Woo corroborated Ja Mere’s observation with one of her own: “The bossperson population has been increasing at an alarming rate, the past few years. At last census there was a total of five thousand six hundred and fifty four bosspersons, world-wide.”

“In my work on the savantism of the goobers, I’ve also made extensive investigations into the formation mechanism of bosspersons. The brightness of their native bubble is a known and necessary element of the formation of a bossperson, but it is not sufficient — there is another cofactor apparently required. I have not been able to isolate that cofactor.”

“You’re right about that, I’ve seen plenty of Citizins with bright bubbles that have not undergone bossperson conversion. They still have a vibrant, brightly colored pink or blue bubble.”

“And doing well,” Ja Mere added, “if you can stretch your definition of doing well to include life as a bubbler.” Remembering the time Ja Mere paused from this line of conversation and inquired of Woo, “As much as I like to discuss my own work, you asked me to stay for a more specific reason — am I not correct?”

“Yes.

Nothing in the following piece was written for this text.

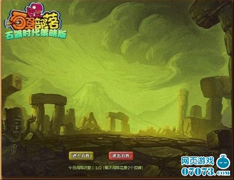 《石器部落》中的巨石阵坐落在满是火山灰的博格达峰大陆。相传在石阵内藏有大量的财宝,每处财宝都有一方守护神魔。凡是等级达到20级的玩家每天均有2次进入其中得机会,若想取得巨石阵中的无尽财宝,就用实力说话吧!
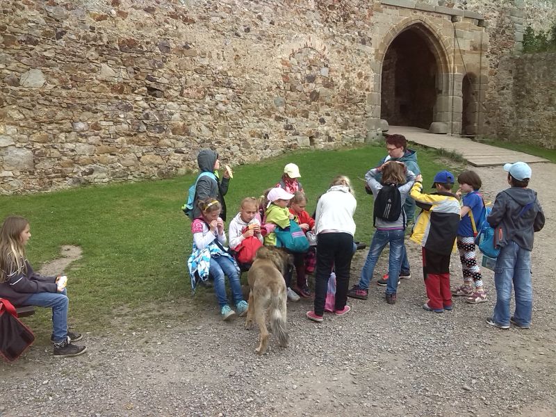Kousek od jeskyň se nacházejí dva hrady: Točník a Žebrák. A tak nás autobus odvezl za chvilku na místo. Z Žebráku po válečných nájezdech zůstala jen obrovská kulatá věž, a proto jsme se rozhodli pro návštěvu Točníku. Vyšlápli jsme táhlý kopec a přivítala nás vstupní brána, ke které se člověk dostal přes hradní příkop. V příkopu seděli jako velké hnědé balvany medvědi, ale byli hodně daleko, takže jsme z nich viděli jen málo. Po zaplacení vstupenek byl celý hrad jen náš, paní učitelky si nevzaly průvodce a rozhodly se, že si hrad prohlédneme sami. A bylo se na co dívat! Hrad byl poměrně zachovalý, prolezli jsme ho celý a dokonce jsme se podívali i na hradby a pokochali se místními kopci, lesy a výhledy do krajiny.

Thank you for reminding me. With so much happening of import sometimes the little distractions are too much of a welcome diversion. Getting back to the point, Little Roy’s behavior has been just a little too weird of late. The goober is up to something and it’s not a fifth a day.”

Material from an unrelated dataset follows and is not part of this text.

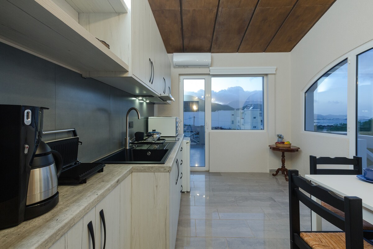 Красива, зручна і комфортна студія з 1 спальнею з художнім поворотом, що ви знайдете унікальний! У центральному, але тихому місці, недалеко від пляжу та до всього, що потрібно для вашого перебування! Тераса, безумовно, зробить ваше перебування важливим, пропонуючи безцінний панорамний вид на море. Вона грайливо балансує між блакитним морем та зеленим. Чистий, організований пляж затоки Маврос-Молос знаходиться всього в трьох кварталах! Студія вміщує 2 дорослих і маленька дитина!

Humor, Ancient Twentieth Century — Ref: “Hey, buddy, what are you up to? A fifth a day. “ Apparently referring to fractions caused a humor response. This is most possibly based on the human reaction to rejection of the non-confrontable. It is common knowledge that fractions were the bane of twentieth century mathematicians.

Woo continued, “Something has occurred, something that has had a profound impact on Little Roy’s behavior patterns. I don’t know if a bossperson has gotten to him, or perhaps we are seeing the results of Drak’s interference. As interested as you may be in Drak’s interview with Little Roy’s, I am equally concerned. Why did Drak have to go around me, and why take such extreme measures to keep it a sekrit? I would have granted him an interview with Little Roy, if only he’d asked. I am convinced that Drak actually tried to keep it a sekrit from me. If not for Little Roy’s unique time sense, I wouldn’t have any notion of their meeting. I don’t like it, and would like to to examine Little Roy. As we have discussed earlier, specific barriers have been established against magical penetration; we will have to resort to something from your bag of tricks — something that will have escaped Drak’s precautions. Perhaps you can get a line on what is happening. I know we’ve talked about this little Maginot Line end-run before. After Little Roy’s refusal to turn us in, my intuition is screaming that we shouldn’t delay.”

Ja Mere tried not to burst into glee. Even though this was perhaps the break he had been waiting for, his friend was obviously distressed and one shouldn’t be too overjoyed when in the midst of such deep piles of trouble — at least one shouldn’t show too much joy. “You can count on me, Woo. Have Little Roy stop by my apartment sometime this evening. I’ll try to get back to you with a report late tonight.”

“Good. Since he’s been so erratic in his guard duty, I’ll stop by his suburb on one pretext or other and send him over. I’m not sure how. Just play along with what ever excuse I’ve concocted when he gets there.”

Ja Mere waved to Woo and headed to the door to leave. “Open please.”

“What’s the magic word.”

“How about sledge hammer?”

“Well, you don’t have to get huffy about it, I was just about to unbolt myself and open.”

“Of course, you were. I appreciate your fine dedication to duty and enhanced sense of enlightened self-interest.”

As Ja Mere was walking out the door it closed behind him, catching Ja Mere on the heels.

“Glad to be of service.”

“Open please, I’ll be leaving as well. And, in case you were wondering the password is ‘swordfish’.”

“Glad to be of service.”

This time the door opened and closed without a problems. It might be okay to bite the hand that feeds you, but one should try to refrain from nipping the hand of a wizard. Their ways are mysterious, and they are swift to anger. Or, at least that’s this door’s experience.